**INFORMATION SUPPLIED**.
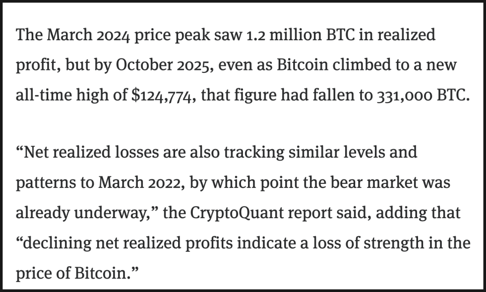 과거 데이터와 비교하면 대비가 더 뚜렷해집니다. 2024년 3월 고점 당시에는 약 120만 BTC 규모의 이익이 실현됐지만, 2025년 10월 비트코인이 사상 최고가를 새로 찍었을 때는 실현 이익이 33만 BTC 수준으로 크게 줄어 있었습니다. 가격은 더 올랐는데, 실제로 확정된 이익은 오히려 줄어든 셈이죠. CryptoQuant는 이런 패턴이 2022년 약세장 직전과 유사하다고 지적합니다.
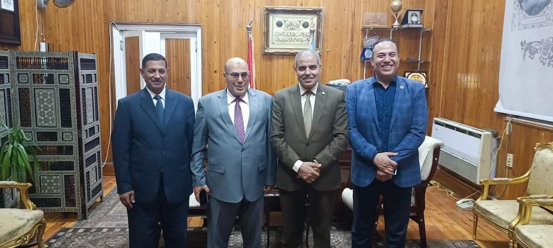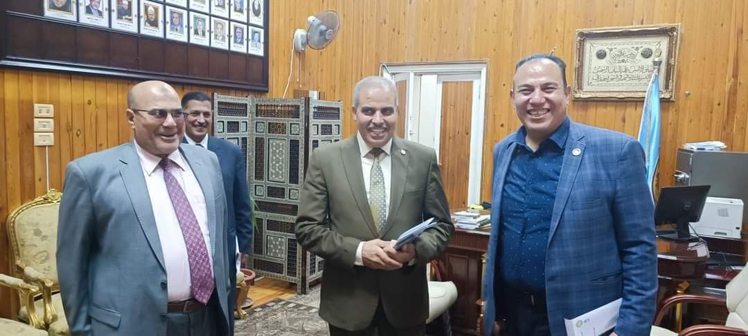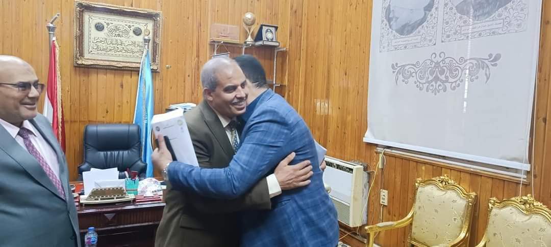 كان في استقبال الدكتور محمد المحرصاوي كل من الأستاذ الدكتور صلاح عاشور، عميد الكلية، والأستاذ الدكتور غانم السعيد، عميد الكلية السابق.
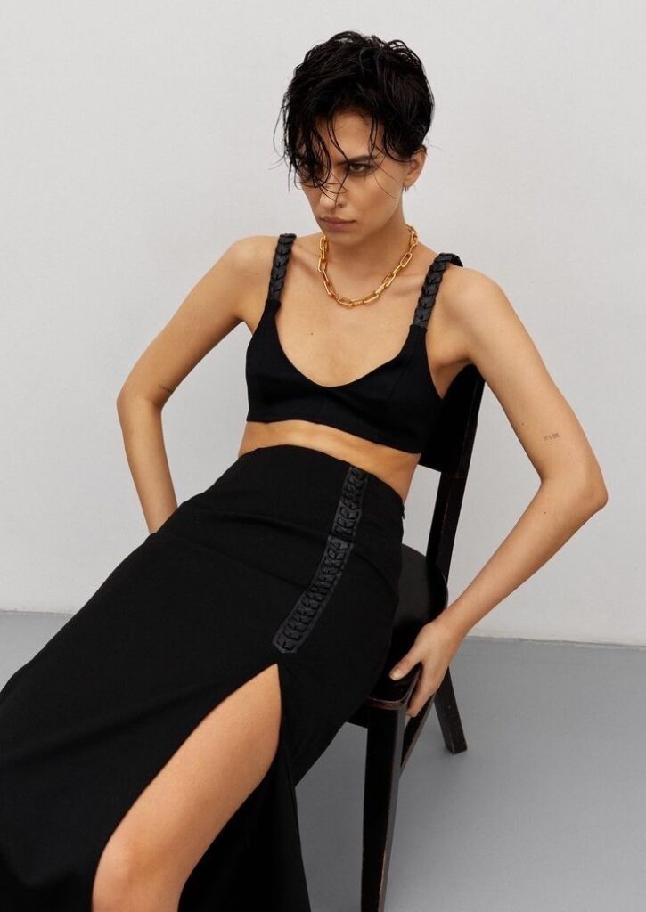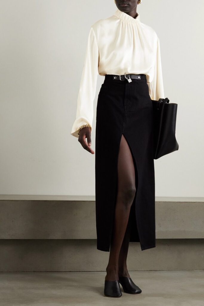 Outra dica importante é equilibrar as proporções. Se a parte de baixo tem fenda, escolha uma blusa com corte mais reto ou feita de um tecido estruturado. Isso cria harmonia no visual e evita que o look fique com muita informação.
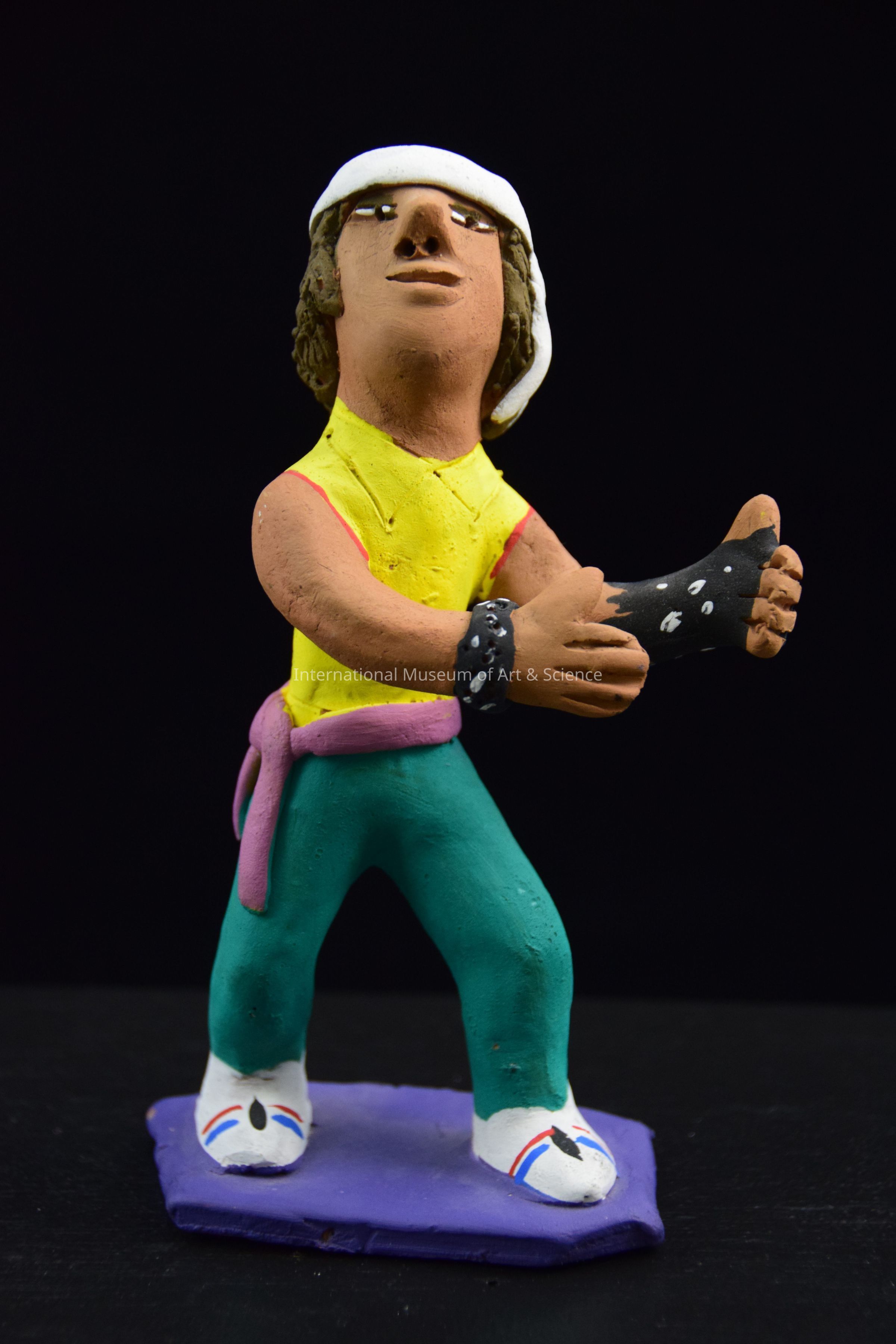 A ceramic figurine of a boy. He is wearing a yellow shirt, green pants, a purple belt, a white headband, a black bracelet and fingerless glove, and white shoes. He is part of a group of dancers.

**TASK PROMPT**. Every line from the top of the material above through the line with "كان في استقبال" should be duplicated exactly, please; leave out the pictures.

**YOUR SOLUTION**.
 과거 데이터와 비교하면 대비가 더 뚜렷해집니다. 2024년 3월 고점 당시에는 약 120만 BTC 규모의 이익이 실현됐지만, 2025년 10월 비트코인이 사상 최고가를 새로 찍었을 때는 실현 이익이 33만 BTC 수준으로 크게 줄어 있었습니다. 가격은 더 올랐는데, 실제로 확정된 이익은 오히려 줄어든 셈이죠. CryptoQuant는 이런 패턴이 2022년 약세장 직전과 유사하다고 지적합니다.
 كان في استقبال الدكتور محمد المحرصاوي كل من الأستاذ الدكتور صلاح عاشور، عميد الكلية، والأستاذ الدكتور غانم السعيد، عميد الكلية السابق.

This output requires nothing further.